Perinatal Blood Pressure Measurement: A Critical Need for Accuracy. Implementation of an Evidence-Based Protocol
Article first published online: 11 JUN 2013
© 2013 AWHONN, the Association of Women's Health, Obstetric and Neonatal Nurses
Journal of Obstetric, Gynecologic, & Neonatal Nursing
Special Issue: 2013 Convention Proceedings
Volume 42, Issue s1, page S63, June 2013
How to Cite
Young, R. (2013), Perinatal Blood Pressure Measurement: A Critical Need for Accuracy. Implementation of an Evidence-Based Protocol. Journal of Obstetric, Gynecologic, & Neonatal Nursing, 42: S63. doi: 10.1111/1552-6909.12144
- Issue published online: 11 JUN 2013
- Article first published online: 11 JUN 2013
- blood pressure;
Purpose for the Program
Hypertension in pregnancy is a leading cause of maternal and perinatal morbidity and mortality.

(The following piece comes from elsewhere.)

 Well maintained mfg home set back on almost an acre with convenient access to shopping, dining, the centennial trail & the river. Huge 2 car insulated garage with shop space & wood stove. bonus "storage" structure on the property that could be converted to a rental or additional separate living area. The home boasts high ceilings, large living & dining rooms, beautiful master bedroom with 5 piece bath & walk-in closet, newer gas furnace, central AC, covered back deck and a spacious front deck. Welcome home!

Blood pressure measurement is the primary assessment in diagnosis and treatment planning for these high-risk patients. Inconsistent practices in technique can lead to inconsistent and inaccurate measurements. To improve safety and accuracy when providing nursing care, an evidence-based blood pressure measurement protocol was developed.
The Hypertensive Obstetric Blood Pressure Measurement Evidence Review team was formed and included representation from nursing staff, nursing research, nursing education, and nursing management. A literature review was performed and a summary of recommendations was written for dissemination. These recommendations included positioning of the patient for measurement, use of auscultated manual blood pressures, cuff placement, sizes of cuffs, and use of the fifth Korotkoff sound. The recommendations also specified that manual measurements be used for any suspected or actual hypertensive patient on admission and discharge for accurate baseline measurements, and at any time a treatment change would be indicated based on blood pressure determinations or when clinical judgment suggested it.

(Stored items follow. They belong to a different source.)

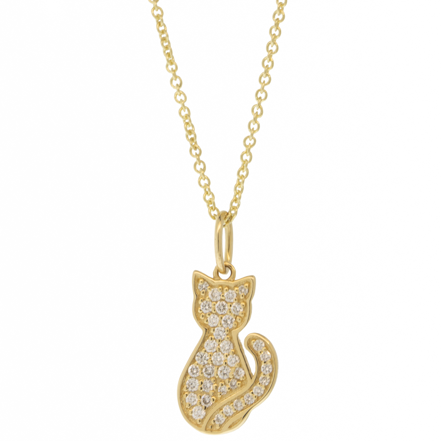 Sydney Evan: Sitting Cat Charm Necklace, 14k, Diamonds quantity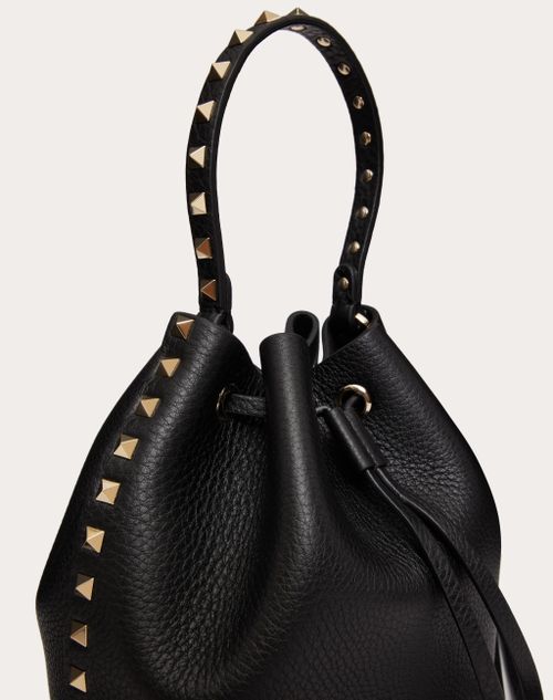 Rockstud Grainy Calfskin Bucket Bag for Woman in Black | Valentino US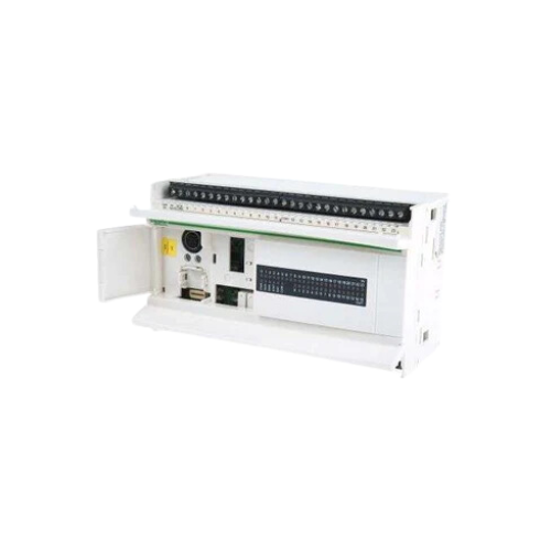 Twido Compact PLC base with a 100-240 V AC power supply, supporting 24 digital inputs at 24 V DC and providing 16 digital outputs.

Implementation, Outcomes, and Evaluation
A specific protocol was written based on the recommendations of the review team and all staff were informed of the new practice change. We then developed a computer-based learning program, which was required education for all staff and was completed before the change. All residents, faculty, and department chairs reviewed the recommendations at department meetings. The equipment was purchased and the biomedical team provided preventive maintenance for the equipment per standards.
A build of the documentation fields in the clinical information systems was completed and data for manual blood pressures, position of patient, time, and date were collected. Ongoing evaluations of the compliance data identified that improvement initiatives were still needed. Further improvement was implemented to highlight each patient needing a manual blood pressure assessment at morning team rounds each day and to reinforce staff education.
Implications for Nursing Practice
Inconsistent blood pressure measurement can lead to inaccurate assessments and lead to delays in or missed treatment for high-risk patients. Improving practices to follow evidence-based research and recommendations can improve safety and excellence of nursing care.